Information provided
------------------------
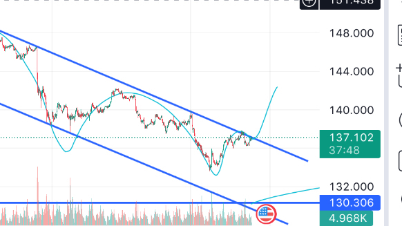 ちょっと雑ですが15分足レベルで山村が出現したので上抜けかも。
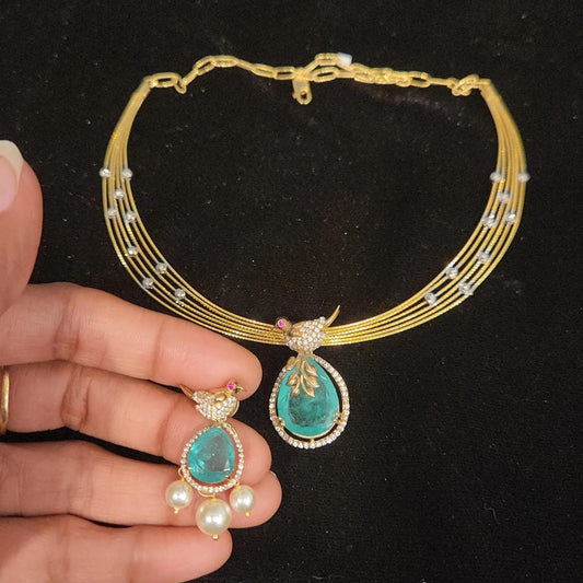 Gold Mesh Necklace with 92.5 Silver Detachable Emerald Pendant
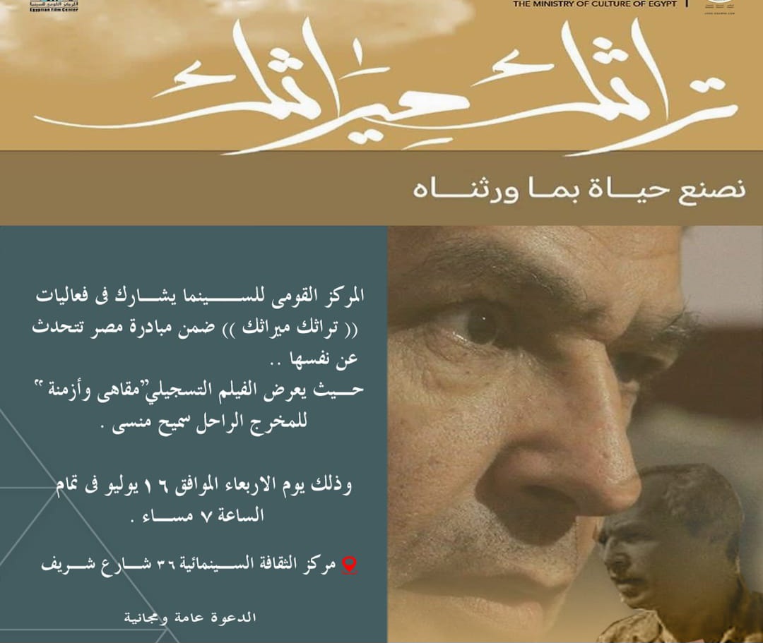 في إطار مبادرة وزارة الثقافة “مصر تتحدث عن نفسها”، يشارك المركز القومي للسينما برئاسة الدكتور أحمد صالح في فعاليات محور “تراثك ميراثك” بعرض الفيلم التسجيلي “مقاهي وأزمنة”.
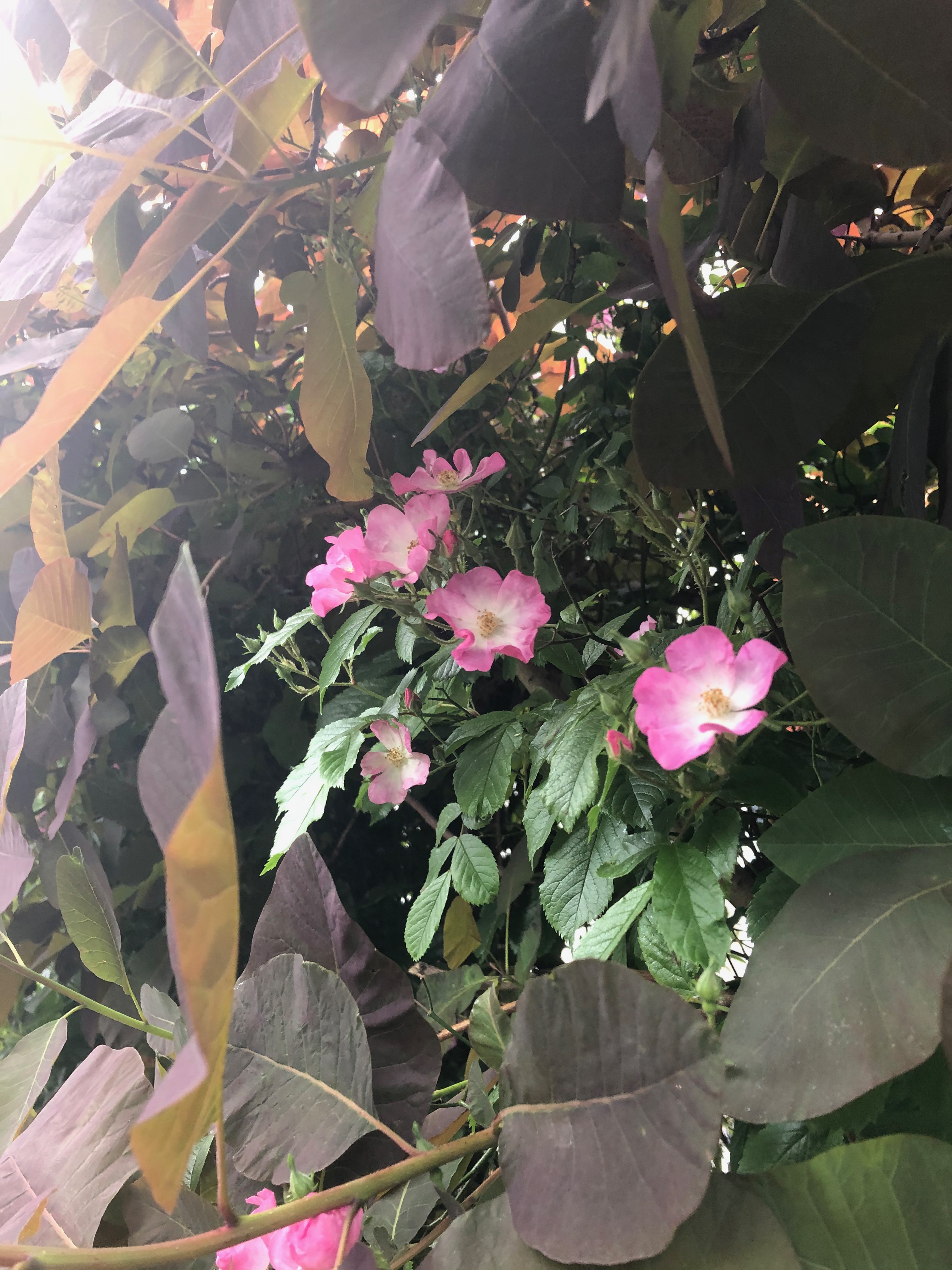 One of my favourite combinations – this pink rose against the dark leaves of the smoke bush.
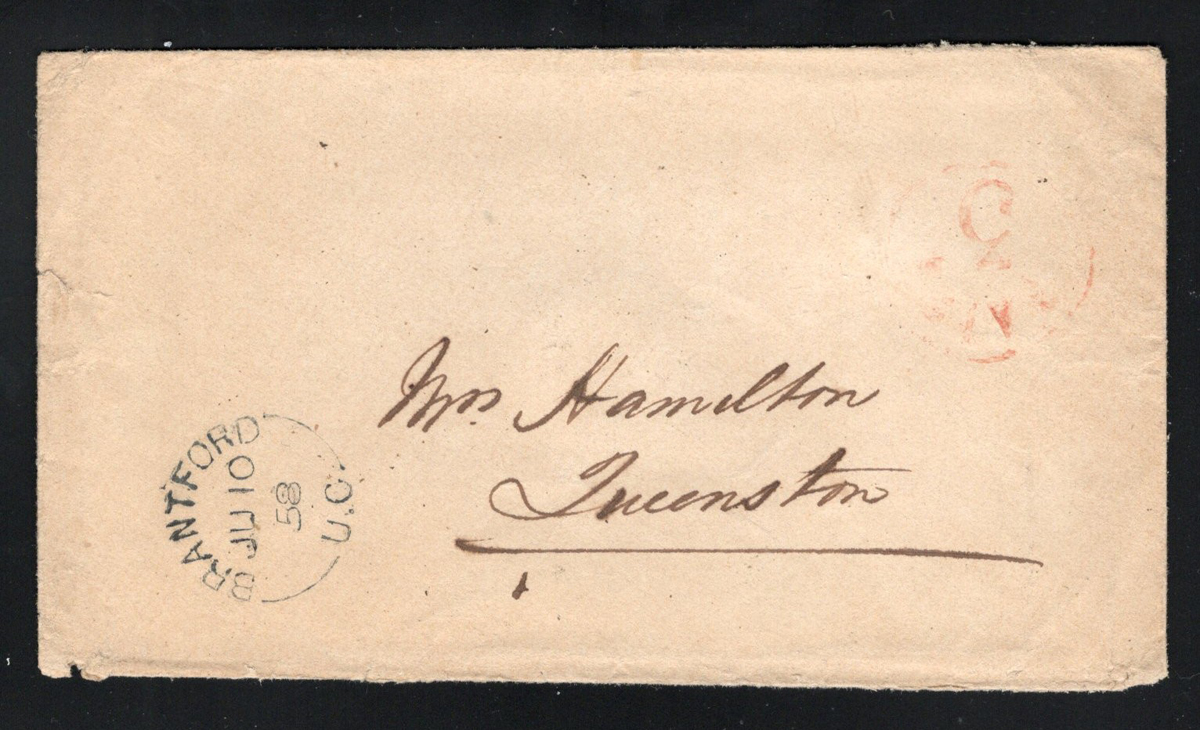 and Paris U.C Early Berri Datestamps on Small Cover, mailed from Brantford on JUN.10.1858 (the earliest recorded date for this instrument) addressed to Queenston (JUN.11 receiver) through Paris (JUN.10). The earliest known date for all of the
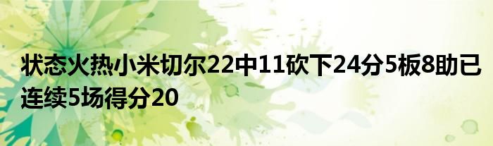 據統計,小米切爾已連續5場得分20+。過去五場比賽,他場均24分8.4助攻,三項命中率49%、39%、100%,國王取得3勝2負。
------------------------
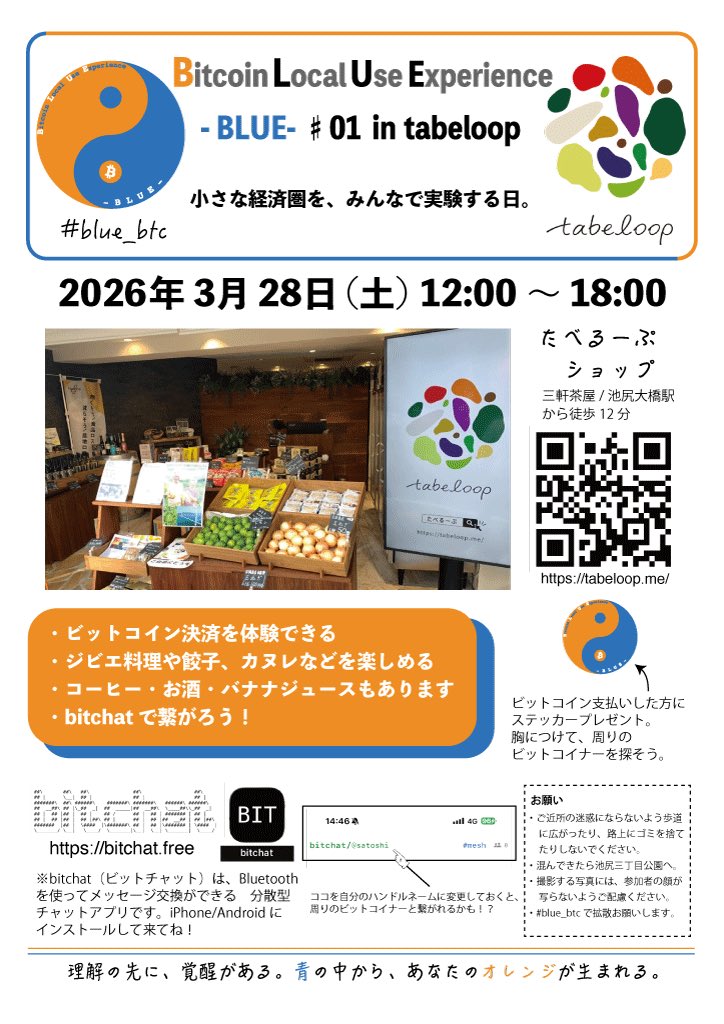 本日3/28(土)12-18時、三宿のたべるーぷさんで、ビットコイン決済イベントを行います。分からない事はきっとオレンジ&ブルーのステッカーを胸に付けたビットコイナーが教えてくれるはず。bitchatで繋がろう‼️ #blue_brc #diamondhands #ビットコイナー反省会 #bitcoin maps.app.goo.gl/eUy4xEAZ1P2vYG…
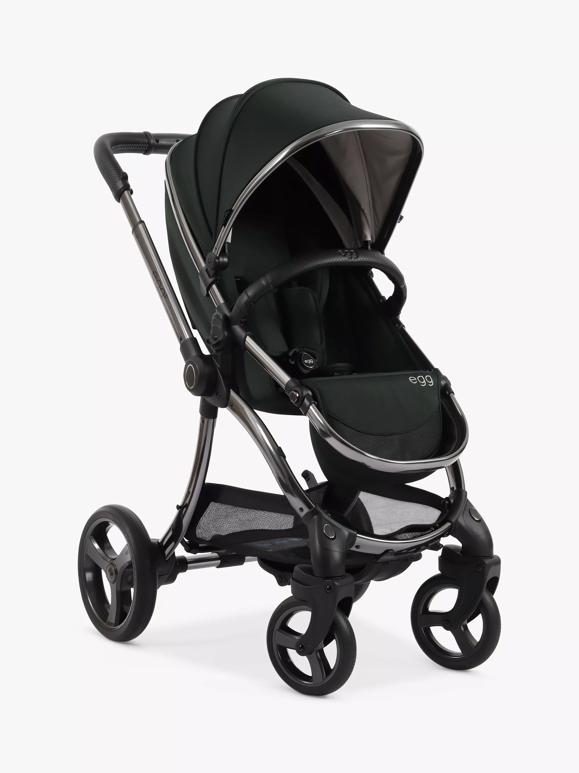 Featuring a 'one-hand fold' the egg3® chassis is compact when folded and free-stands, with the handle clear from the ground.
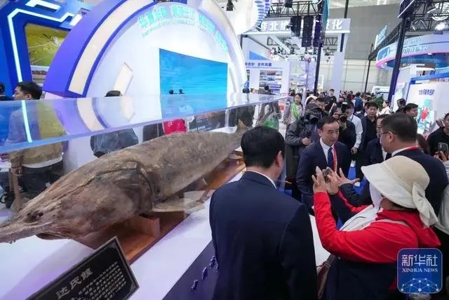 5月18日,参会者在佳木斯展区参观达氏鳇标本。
------------------------
Assignment
In the material above, which lines fall between the one holding "#ビットコイナー反省会 #bitcoin maps.app.goo.gl/eUy4xEAZ1P2vYG…" and the one holding "5月18日,参会者在佳木斯展区参观达氏鳇标本。", inclusive? Print exactly those, with the pictures left out.

Response area
 本日3/28(土)12-18時、三宿のたべるーぷさんで、ビットコイン決済イベントを行います。分からない事はきっとオレンジ&ブルーのステッカーを胸に付けたビットコイナーが教えてくれるはず。bitchatで繋がろう‼️ #blue_brc #diamondhands #ビットコイナー反省会 #bitcoin maps.app.goo.gl/eUy4xEAZ1P2vYG…
 Featuring a 'one-hand fold' the egg3® chassis is compact when folded and free-stands, with the handle clear from the ground.
 5月18日,参会者在佳木斯展区参观达氏鳇标本。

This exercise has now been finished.